RECORDS TO USE:

═══

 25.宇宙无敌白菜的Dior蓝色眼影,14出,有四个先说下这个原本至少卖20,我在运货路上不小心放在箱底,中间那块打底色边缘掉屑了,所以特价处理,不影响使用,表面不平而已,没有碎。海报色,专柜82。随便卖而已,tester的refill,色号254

═══

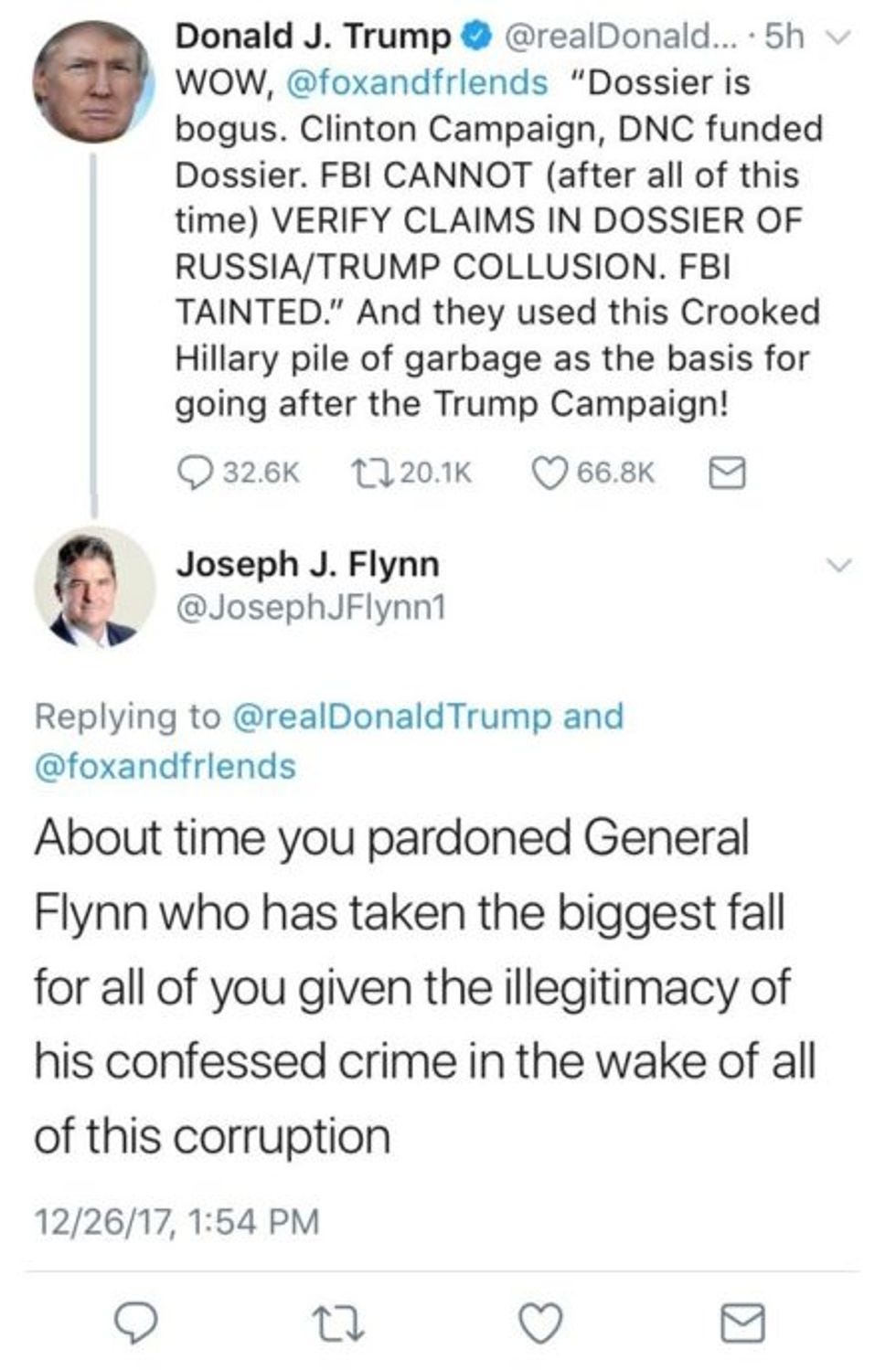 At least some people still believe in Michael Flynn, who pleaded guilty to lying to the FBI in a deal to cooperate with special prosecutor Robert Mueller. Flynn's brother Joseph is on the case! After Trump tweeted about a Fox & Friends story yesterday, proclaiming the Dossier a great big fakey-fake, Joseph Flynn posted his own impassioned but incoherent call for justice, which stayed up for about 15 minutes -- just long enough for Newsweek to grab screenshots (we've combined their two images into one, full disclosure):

═══

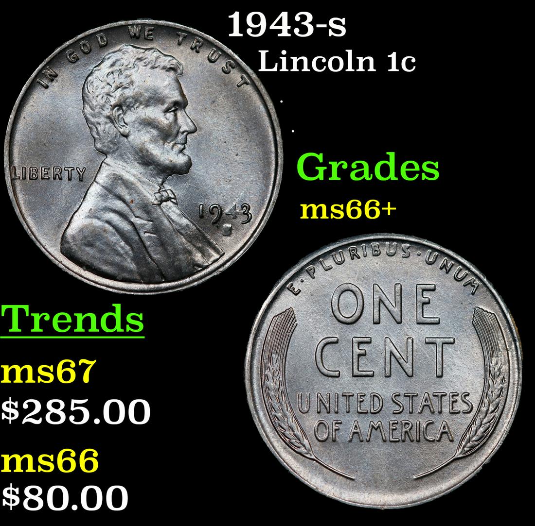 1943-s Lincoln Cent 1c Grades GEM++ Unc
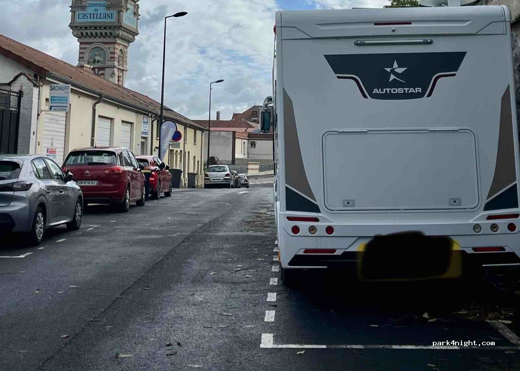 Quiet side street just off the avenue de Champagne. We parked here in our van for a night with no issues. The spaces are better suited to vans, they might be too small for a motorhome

═══

EXERCISE:
Reproduce the data above exactly, but only from the line containing "1943-s Lincoln Cent 1c Grades GEM++ Unc" through the line containing "Quiet side street"; skip the pictures.

ANSWER TO THIS PROBLEM:
 1943-s Lincoln Cent 1c Grades GEM++ Unc
 Quiet side street just off the avenue de Champagne. We parked here in our van for a night with no issues. The spaces are better suited to vans, they might be too small for a motorhome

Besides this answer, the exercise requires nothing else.